Van der Laan, a retail veteran who previously worked at Dutch discount chain Action and supermarket group Ahold Delhaize, has overseen a recovery in Douglas’s performance since he joined the group in 2022. Sales increased 12 per cent to €4.1bn last year while earnings before interest, taxes, depreciation and amortisation, adjusted for one-offs, rose more than a fifth to €726mn.

Opening of Douglas store in Dusseldorf
A competitor to French premium beauty retailer Sephora, it sells brands including Dior, Clinique and Mac © Franziska Krug/Getty Images for Douglas

The performance marks a sharp turnaround from recent years, with Douglas having had a torrid time during the pandemic.

The group was hit disproportionally hard compared to some other retailers as European governments forced beauty chains to close during lockdowns, while rival drugstores — which also sell cosmetics — were allowed to remain open. Douglas was also not permitted to tap the emergency liquidity support provided by the German government due to its private equity ownership.

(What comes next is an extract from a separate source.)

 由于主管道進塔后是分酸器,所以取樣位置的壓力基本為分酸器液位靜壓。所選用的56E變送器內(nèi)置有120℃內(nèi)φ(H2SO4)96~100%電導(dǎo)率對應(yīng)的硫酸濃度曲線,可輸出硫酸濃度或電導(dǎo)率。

The group’s financial position was badly damaged as it burnt through cash, with debt rising to 9 times earnings before interest, taxes, depreciation and amortisation. In the 12 months to September 2020 it suffered a net loss of €479mn on revenue of €3.2bn.

CVC pumped in an additional €200mn in equity to prevent the retailer’s collapse. The company axed more than 500 of 2,400 stores during the pandemic but it still has €3.1bn in net debt, or four times ebitda.

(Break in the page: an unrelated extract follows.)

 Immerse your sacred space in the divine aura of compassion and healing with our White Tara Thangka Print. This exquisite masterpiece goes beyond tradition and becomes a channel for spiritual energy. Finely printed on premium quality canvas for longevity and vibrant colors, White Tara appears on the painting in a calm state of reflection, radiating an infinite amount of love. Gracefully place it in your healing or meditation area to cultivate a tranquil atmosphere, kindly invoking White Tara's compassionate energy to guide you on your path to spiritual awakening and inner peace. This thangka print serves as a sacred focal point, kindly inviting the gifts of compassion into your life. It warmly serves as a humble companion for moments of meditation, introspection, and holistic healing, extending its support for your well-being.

There have been other problems of the group’s own making, including a botched acquisition in Spain and too much focus on the lower margin mass market beauty segment in the early years of CVC’s ownership.

The struggle to make a profit was hampered by the large burdens of restructuring costs and interest expenses on the debt that funded the buyout.

Yet Werner Reinartz, director of the Center for Research in Retailing at Cologne University, described Douglas as “a role model” for retailers given its balance between bricks-and-mortar stores and digital offerings.

“Over the past few years, Douglas got many things right,” he said, pointing to the fact that the ecommerce accounts for a third of total sales and is growing faster than those made in stores.

Exterior of a Douglas store in Amsterdam
Douglas closed more than 500 stores during the pandemic but now plans to open 200 by 2026 © Utrecht Robin/ABACA via Reuters

Van der Laan said Douglas “has not declared stores dead”, with the chain planning to open 200 by 2026. The group’s loyalty-card programme has 55mn members, allowing it to track purchasing behaviour, and van der Laan said he could grow sales by an average of 7 per cent a year.

Yet CVC, which holds an 86 per cent stake alongside the Kreke family, who remain co-owners, will still need to be patient before it achieves a full exit.

It has pulled back from an original plan to sell some of its shares in the IPO, according to the person familiar with internal discussions. Instead, the existing owners have committed to buy new shares for up to €300mn to reduce debt and refinance the remaining on better terms.

CVC hopes that a stronger balance sheet, along with the prospect of strong top-line growth and dividends, will later open the door to sell down its remaining stake.

“CVC has been a very good shareholder,” van der Laan said when praising the plan to inject more equity during the IPO to repair the balance sheet. “I’m very happy with them.”